→ **Required action**
Extract exactly and only the lines from the one containing "КОНТРОЛЬНЫЕ ВОПРОСЫ1 Какие" through the end of the entries below. Pictures should not appear in the copy.

Saved data entries:
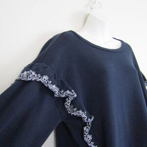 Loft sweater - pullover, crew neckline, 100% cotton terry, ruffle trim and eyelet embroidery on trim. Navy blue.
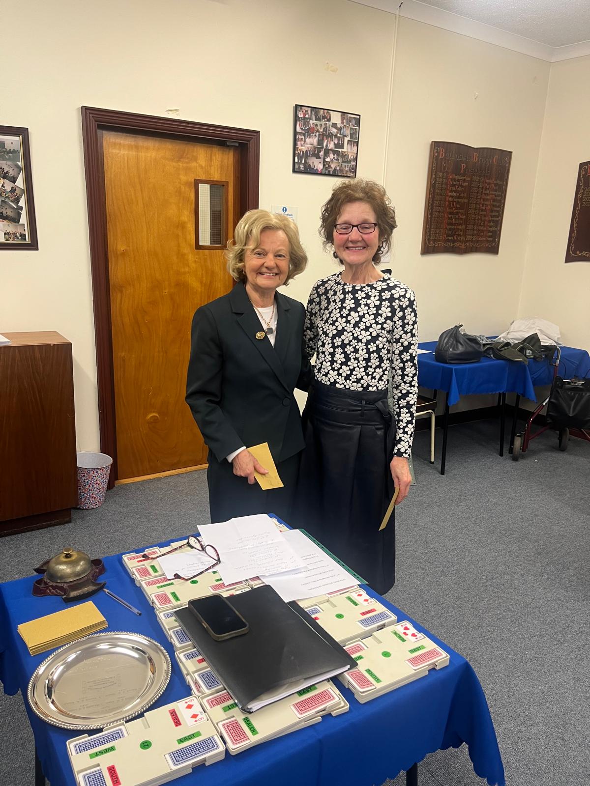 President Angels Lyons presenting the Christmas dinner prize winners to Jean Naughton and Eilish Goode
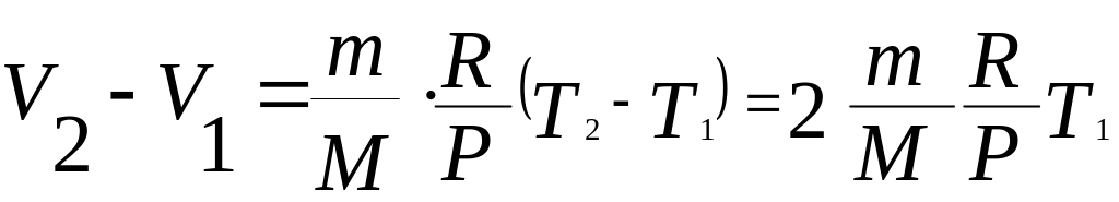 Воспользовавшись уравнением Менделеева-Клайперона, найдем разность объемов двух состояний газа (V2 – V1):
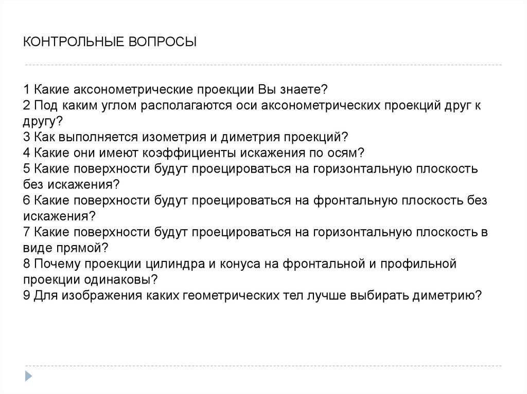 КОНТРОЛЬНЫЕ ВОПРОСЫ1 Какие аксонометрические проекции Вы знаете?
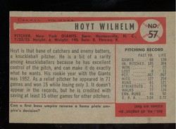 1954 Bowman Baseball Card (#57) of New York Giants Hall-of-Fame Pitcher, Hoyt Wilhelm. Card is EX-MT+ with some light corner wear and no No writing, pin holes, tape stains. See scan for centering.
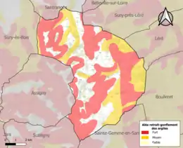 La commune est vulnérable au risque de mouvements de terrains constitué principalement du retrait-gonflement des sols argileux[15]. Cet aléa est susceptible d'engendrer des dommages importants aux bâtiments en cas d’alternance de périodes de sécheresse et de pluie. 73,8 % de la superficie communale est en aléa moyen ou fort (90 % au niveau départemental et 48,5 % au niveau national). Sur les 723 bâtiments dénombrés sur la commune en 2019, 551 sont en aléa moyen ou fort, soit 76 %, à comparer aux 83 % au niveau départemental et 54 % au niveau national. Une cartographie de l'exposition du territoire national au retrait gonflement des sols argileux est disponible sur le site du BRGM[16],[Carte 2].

→ **Task response**
 КОНТРОЛЬНЫЕ ВОПРОСЫ1 Какие аксонометрические проекции Вы знаете?
 1954 Bowman Baseball Card (#57) of New York Giants Hall-of-Fame Pitcher, Hoyt Wilhelm. Card is EX-MT+ with some light corner wear and no No writing, pin holes, tape stains. See scan for centering.
 La commune est vulnérable au risque de mouvements de terrains constitué principalement du retrait-gonflement des sols argileux[15]. Cet aléa est susceptible d'engendrer des dommages importants aux bâtiments en cas d’alternance de périodes de sécheresse et de pluie. 73,8 % de la superficie communale est en aléa moyen ou fort (90 % au niveau départemental et 48,5 % au niveau national). Sur les 723 bâtiments dénombrés sur la commune en 2019, 551 sont en aléa moyen ou fort, soit 76 %, à comparer aux 83 % au niveau départemental et 54 % au niveau national. Une cartographie de l'exposition du territoire national au retrait gonflement des sols argileux est disponible sur le site du BRGM[16],[Carte 2].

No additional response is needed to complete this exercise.